Ricos estão menos ricos. Riqueza dos multimilionários cai pela primeira vez em 10 anos

As pessoas mais ricas do mundo ficaram um pouco menos ricas no ano passado. As tensões geopolíticas e a volatilidade dos mercados conduziram ao corte nas fortunas dos mais ricos, diz relatório do UBS.

As pessoas mais ricas do mundo ficaram um pouco menos ricas no ano passado, revela um estudo do UBS e da PwC, citado pela Reuters, esta sexta-feira. A respetiva riqueza baixou em 388 mil milhões de dólares (cerca de 350 mil milhões de euros), para um total de 8.539 biliões de dólares, com a queda a ser mais acentuada a ser registada na China, a segunda maior “casa” de milionários do mundo. As tensões geopolíticas e a volatilidade dos mercados conduziram a uma quebra nas fortunas dos mais ricos.
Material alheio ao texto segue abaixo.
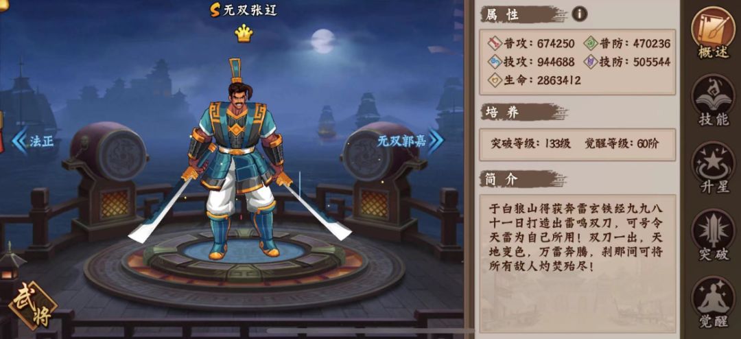 另外,如果无双张辽达到三冠以上,也可考虑使用无双张辽作为主输出武将。一方面是因为无双张辽霸体时间长,且机动性很高,容错率较高,另一方面则是无双张辽的大招可以造成海量伤害,这是很多PVP武将不具备的能力。
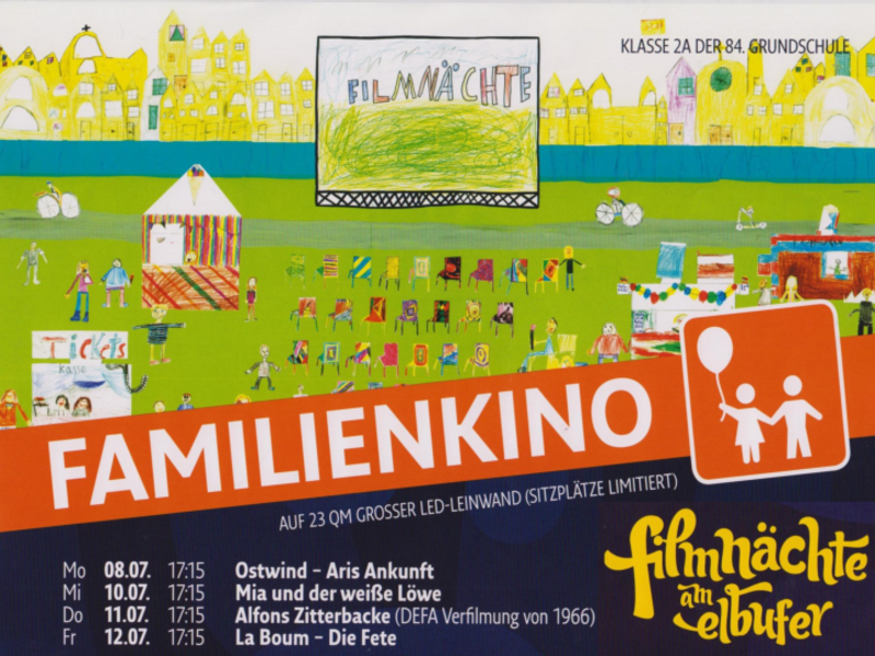 Die Klasse 2a hat an einem Wettbewerb teilgenommen. Wir gestalteten ein Plakat für das Elbkino. Alle Kinder bastelten, malten und klebten dafür sehr fleißig. Wir schrieben auch noch ein richtig tolles Gedicht (Rondell). Das hat sehr viel Spaß gemacht. Bald hörten wir die schöne Nachricht! Unser Plakat wurde für das Programm des Elbkinos ausgewählt. Wir freuten uns riesig. Nun können wir kostenlos eine Vorstellung besuchen und bekommen sogar noch Popcorn, was zu trinken und eine Überraschung. Überall in der Stadt hängen unsere Plakate. Die sind so groß wie eine ganze Tür. Wir sind sehr stolz.
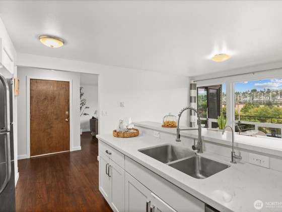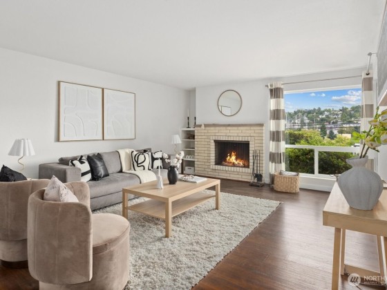 Major price improvement plus additional $5k credit available via preferred lender! Welcome to your Magnolia retreat! This territorial view condo features a spacious kitchen with stainless steel appliances and full pantry, opening to a natural light filled dining room for easy entertaining. The oversized living room with wood-burning fireplace flows seamlessly to a covered patio. With 2 beds, 1.75 baths, in-unit laundry, an expansive primary closet, add storage, and reserved covered parking, this home checks all the boxes! Tucked above the street for added privacy and just blocks from the renovated Elliott Bay Trail. This location is a commuter’s dream with easy access to Amazon and downtown Seattle. Fresh paint throughout = blank canvas!
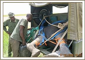 Examination after capture showed she had not sustained any injuries as was in good health. She was roped and placed on a pickup truck enroute to Keekorok airstrip where she was flown to DSWT elephant orphanage in Nairobi for fostering and better care.
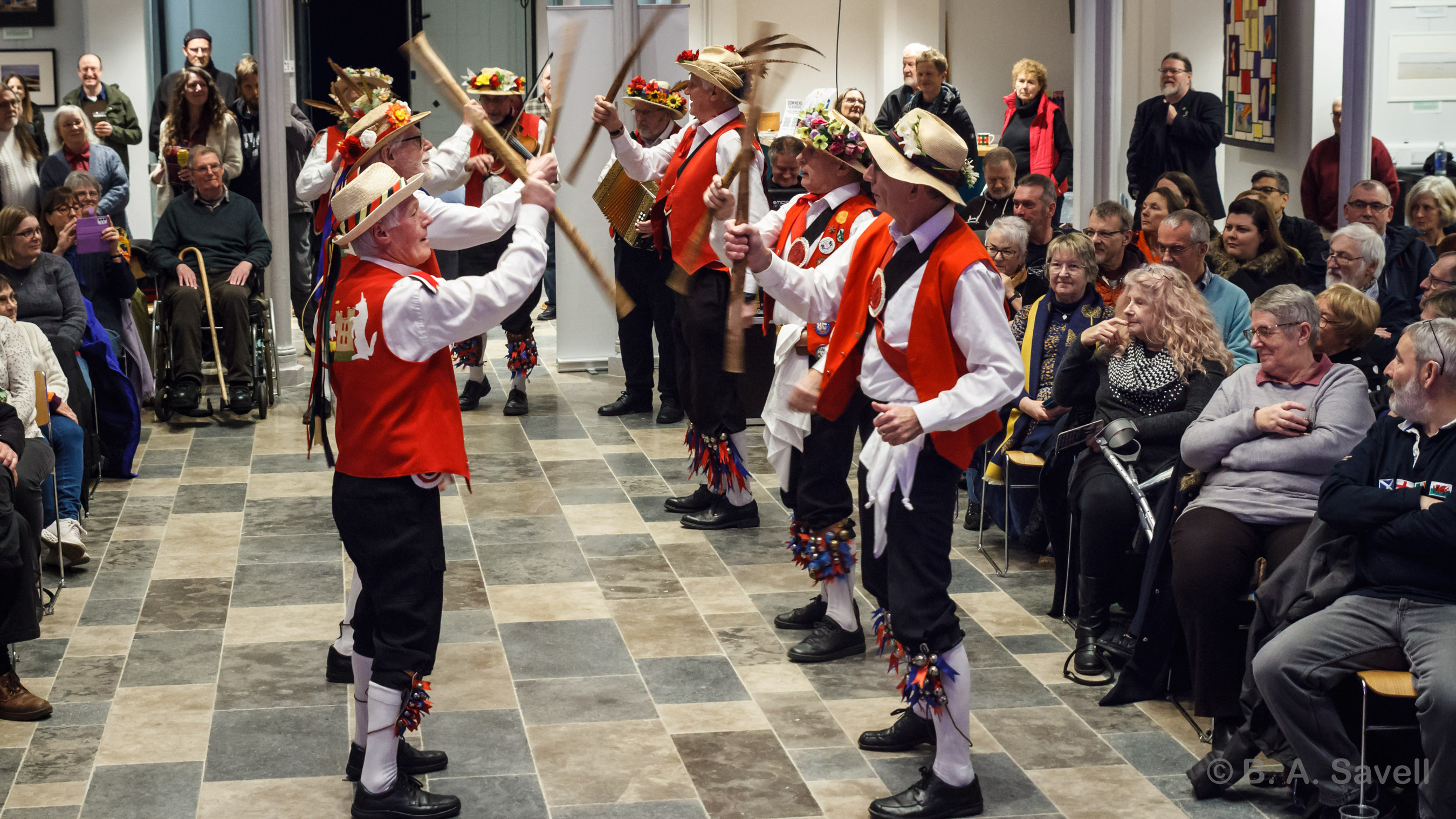 Cliff was a member of BRISTOL MORRIS MEN, and so it was appropriate that they got the entertainment underway with six dances to start the evening. When CHRIST CHURCH DOWNEND was refurbished a few years ago, they were keen to see the building used by more community groups, but surely even they couldn't have imagined that it would include this! The team really set the tone of the evening, surrounded by smiling faces and tapping feet as they worked their way through dances with hankies and clashing sticks. Superb.
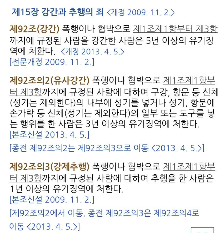 유사강간 : 구강, 항문 등 신체(성기를 제외한 부위)에 성기를 삽입하거나 항문에 손가락 등 신체(성기를 제외한 부위) 또는 도구를 삽입한 경우 3년 이상의 유기징역
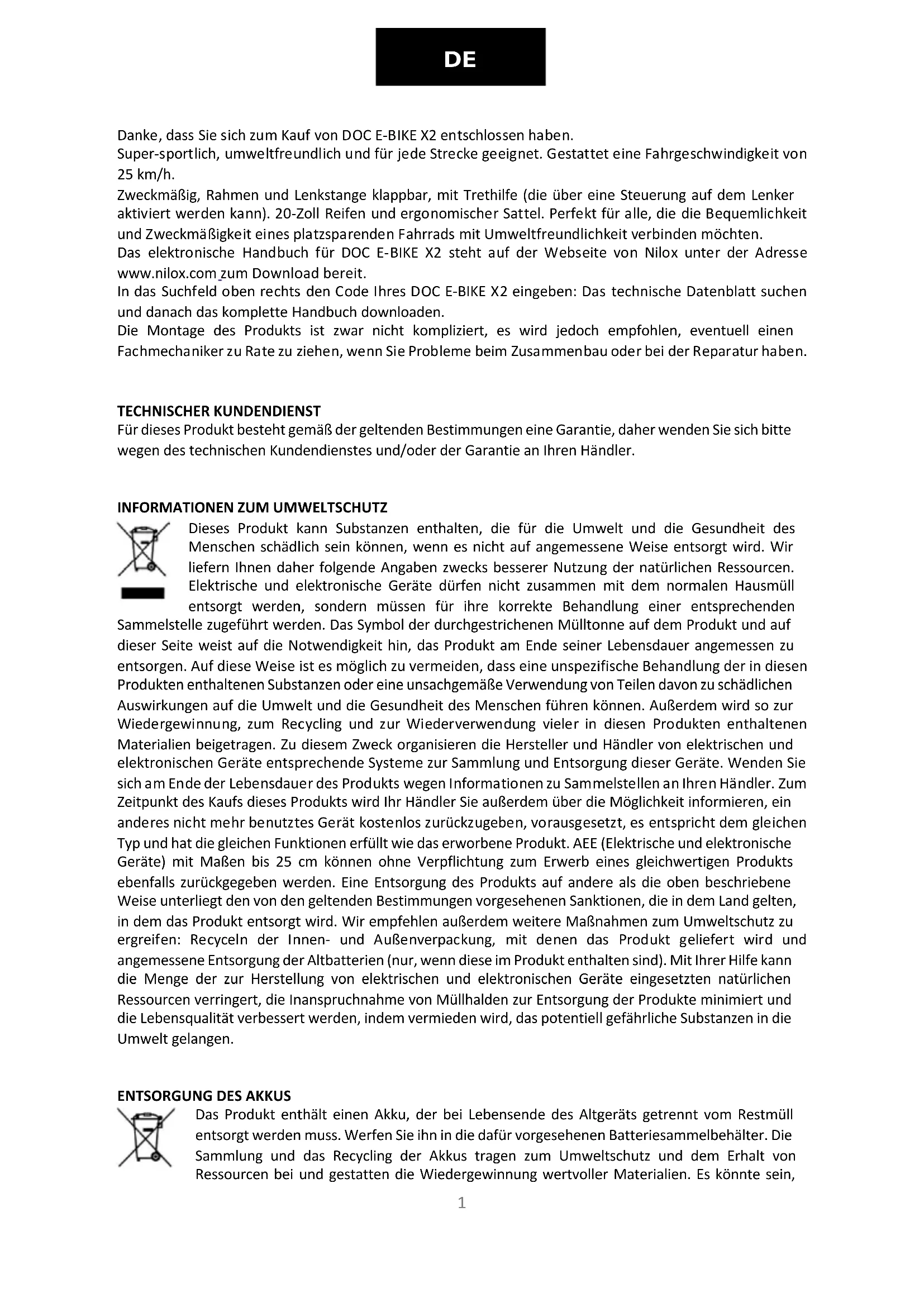 Danke, dass Sie sich zum Kauf von DOC E-BIKE X2 entschlossen haben. Super-sportlich, umweltfreundlich und für jede Strecke geeignet. Gestattet eine Fahrgeschwindigkeit von 25 km/h. Zweckmäßig, Rahmen und Lenkstange klappbar, mit Trethilfe (die über eine Steuerung auf dem Lenker aktiviert werden kann). 20-Zoll Reifen und ergonomischer Sattel. Perfekt für alle, die die Bequemlichkeit und Zweckmäßigkeit eines platzsparenden Fahrrads mit Umweltfreundlichkeit verbinden möchten. Das elektronische Handbuch für DOC E-BIKE X2 steht auf der Webseite von Nilox unter der Adresse www.nilox.com zum Download bereit. In das Suchfeld oben rechts den Code Ihres DOC E-BIKE X2 eingeben: Das technische Datenblatt suchen und danach das komplette Handbuch downloaden. Die Montage des Produkts ist zwar nicht kompliziert, es wird jedoch empfohlen, eventuell einen Fachmechaniker zu Rate zu ziehen, wenn Sie Probleme beim Zusammenbau oder bei der Reparatur haben.

De acordo com o estudo do UBS, os bancos sofreram com os efeitos da intensa guerra comercial entre Pequim e Washington e com as incertezas que marcaram o panorama político internacional, em 2018, o que afastou os clientes dos investimentos. “A riqueza dos multimilionários caiu em 2018 pela primeira vez desde 2008 por causa da geopolítica”, explica, nesse sentido, o relatório.

Na maior “casa” de milionários do mundo, a China, o património dos mais ricos recuou 12,8% face à instabilidade dos mercados, à fragilidade da moeda e ao abrandamento da segunda maior economia do mundo. Ainda assim, a China continua “a ver nascer”, a cada dois a cinco dias, um novo multimilionário, salienta o estudo do UBS.

Em termos globais, o número de multimilionários caiu em todo o mundo, exceto nas Américas, onde os empreendedores da área tecnológica continuam a escalar o ranking norte-americano das pessoas mais ricas. “Este relatório mostra a resiliência da economia norte-americana”, lê-se.

O UBS termina, dizendo que as famílias mais abastadas do mundo mantêm-se preocupadas com as matérias internacionais, das tensões comerciais entre a China e os EUA ao Brexit, passando pelo populismo e pelas alterações climáticas.